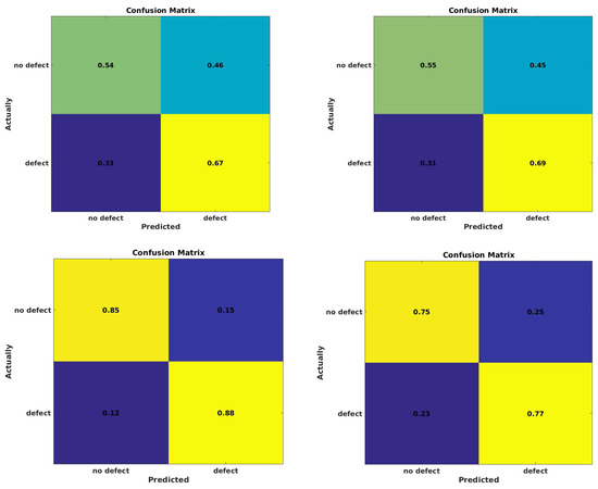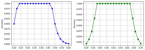 The data provided by the FEM numerical model described in Section 2 are subjected to feature extraction. Each sample is described by four input variables: the spatial coordinates and the ultrasonic sound pressure level , obtained from the spatio-temporal distribution of the acoustic pressure . The system output is 1 in the presence of a defect and 0 otherwise. The stationary computational analysis evaluates the equilibrium state reached by the system after an initial impulse, performing a parametric sweep of the defect position and focusing on the final distributions of stresses and strains in the material. The choice of as the acoustic input variable, instead of , is motivated by physical, numerical, and methodological reasons: it allows for direct comparison with standard values, compresses signal dynamics through the logarithmic scale improving numerical stability, provides an immediate physical interpretation related to acoustic power, and ensures the consistency between stationary and transient studies. Given , over a time window of duration T centered at , we compute the and thus the sound pressure level [69]. Then, for each sample we define the input vector , , and the inputs are normalized, , via z-score [69].
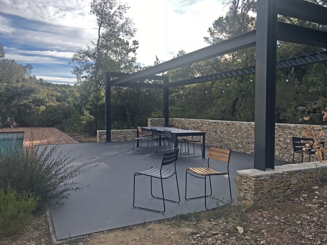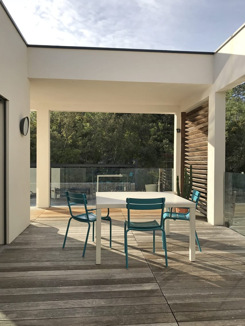 Belle maison contemporaine de 2014, construite en pleine garrigue.sur les hauteurs de Nîmes. A l’intérieur des pièces de vie très lumineuse ouvrant par de larges baies vitrées, parquet, murs clairs, aménagement et décoration contemporaine. A l ‘extérieur, plusieurs espaces aménagés, terrasse couverte, terrasse bois pour la piscine, un jardin paysagé verdoyant
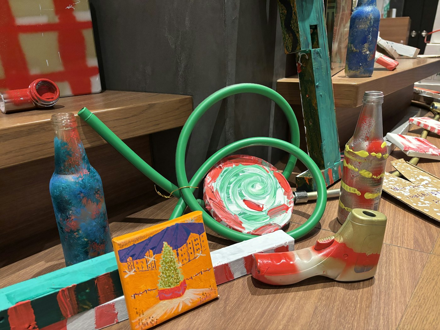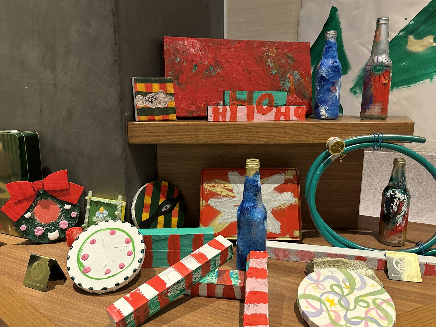 壁面にはキャンバスを再利用して描いたツリーも。
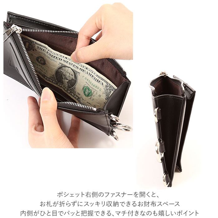 ・ポシェット右側のファスナーを開くと、お札が折らずにスッキリ収納できるお財布スペース。内側がひと目でパッと把握できる、マチ付きなのも嬉しいポイント。
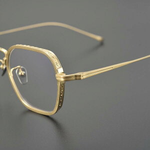 ・カテゴリ: メガネ・フレーム形状: 多角形・フレーム構造: フルリム・フレーム素材: 純チタン・レンズ素材: 天然素材・フレームカラー: ゴールド、ガンメタル、ブラック、シルバー
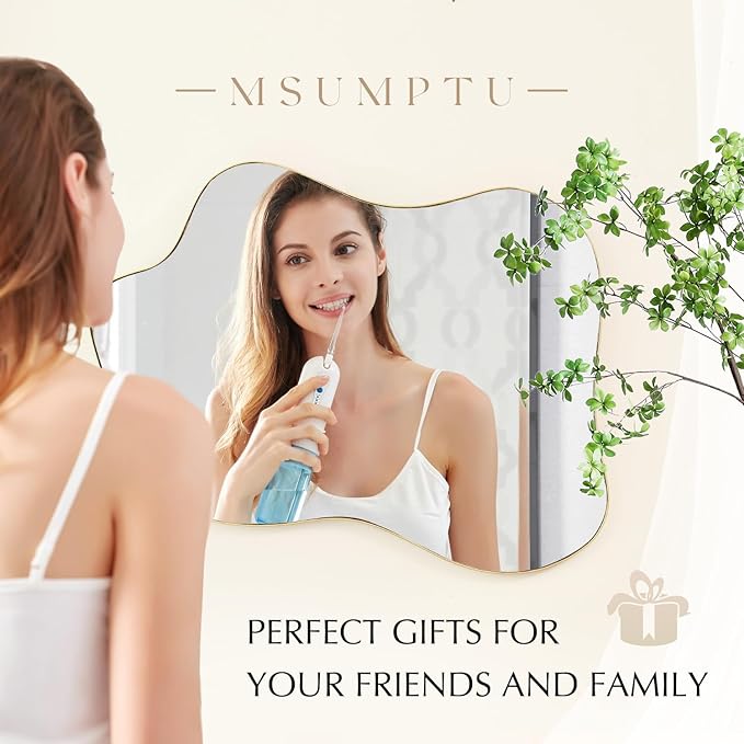 Irregular Wall Mirror Gold Wave Shaped Matel Framed Wall Mirror for Bathroom Bedroom Entryway Living Room Wall Decor 28" L x 20" W 2304Gold
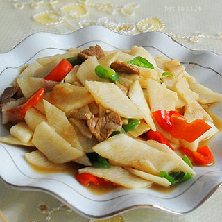 原料:山药、猪肉、青椒、红椒、葱、油、盐、料酒、淀粉、生抽、鸡精。
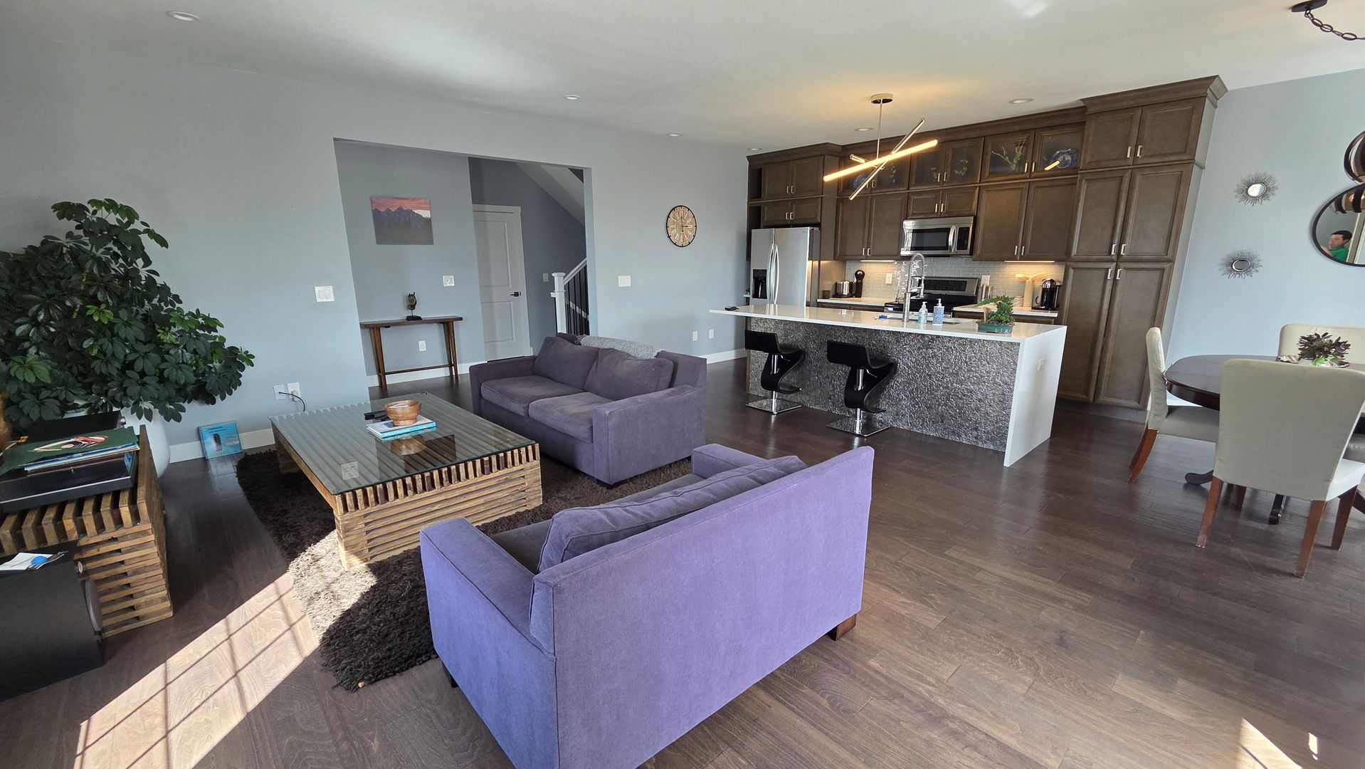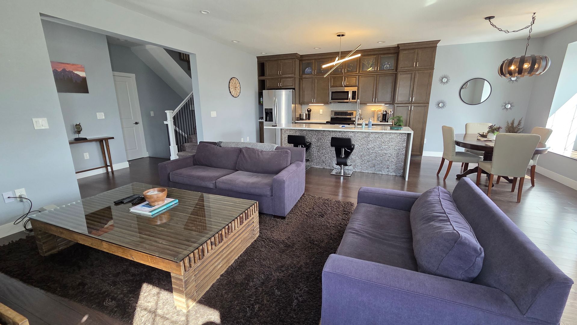 The main level is warm and inviting, showcasing a well-appointed kitchen with granite countertops, soft-close cabinetry, and stainless steel appliances. A comfortable living area opens to a private patio, perfect for relaxing or entertaining, while the dining space offers an ideal spot for everyday meals. A main-floor bedroom with a full bathroom adds versatility for guests or versatile living arrangements.
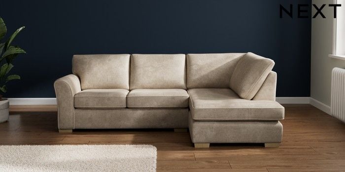7.3.1 Buy Michigan II Medium Corner Chaise - Right Hand Plush Chenille Light Natural Slim Block - Light from the Next UK online shop

- - - - -

Assignment -
Once the pictures are set aside, retype the rest of the listing exactly.

Result of this task -
 The data provided by the FEM numerical model described in Section 2 are subjected to feature extraction. Each sample is described by four input variables: the spatial coordinates and the ultrasonic sound pressure level , obtained from the spatio-temporal distribution of the acoustic pressure . The system output is 1 in the presence of a defect and 0 otherwise. The stationary computational analysis evaluates the equilibrium state reached by the system after an initial impulse, performing a parametric sweep of the defect position and focusing on the final distributions of stresses and strains in the material. The choice of as the acoustic input variable, instead of , is motivated by physical, numerical, and methodological reasons: it allows for direct comparison with standard values, compresses signal dynamics through the logarithmic scale improving numerical stability, provides an immediate physical interpretation related to acoustic power, and ensures the consistency between stationary and transient studies. Given , over a time window of duration T centered at , we compute the and thus the sound pressure level [69]. Then, for each sample we define the input vector , , and the inputs are normalized, , via z-score [69].
 Belle maison contemporaine de 2014, construite en pleine garrigue.sur les hauteurs de Nîmes. A l’intérieur des pièces de vie très lumineuse ouvrant par de larges baies vitrées, parquet, murs clairs, aménagement et décoration contemporaine. A l ‘extérieur, plusieurs espaces aménagés, terrasse couverte, terrasse bois pour la piscine, un jardin paysagé verdoyant
 壁面にはキャンバスを再利用して描いたツリーも。
 ・ポシェット右側のファスナーを開くと、お札が折らずにスッキリ収納できるお財布スペース。内側がひと目でパッと把握できる、マチ付きなのも嬉しいポイント。
 ・カテゴリ: メガネ・フレーム形状: 多角形・フレーム構造: フルリム・フレーム素材: 純チタン・レンズ素材: 天然素材・フレームカラー: ゴールド、ガンメタル、ブラック、シルバー
 Irregular Wall Mirror Gold Wave Shaped Matel Framed Wall Mirror for Bathroom Bedroom Entryway Living Room Wall Decor 28" L x 20" W 2304Gold
 原料:山药、猪肉、青椒、红椒、葱、油、盐、料酒、淀粉、生抽、鸡精。
 The main level is warm and inviting, showcasing a well-appointed kitchen with granite countertops, soft-close cabinetry, and stainless steel appliances. A comfortable living area opens to a private patio, perfect for relaxing or entertaining, while the dining space offers an ideal spot for everyday meals. A main-floor bedroom with a full bathroom adds versatility for guests or versatile living arrangements.
7.3.1 Buy Michigan II Medium Corner Chaise - Right Hand Plush Chenille Light Natural Slim Block - Light from the Next UK online shop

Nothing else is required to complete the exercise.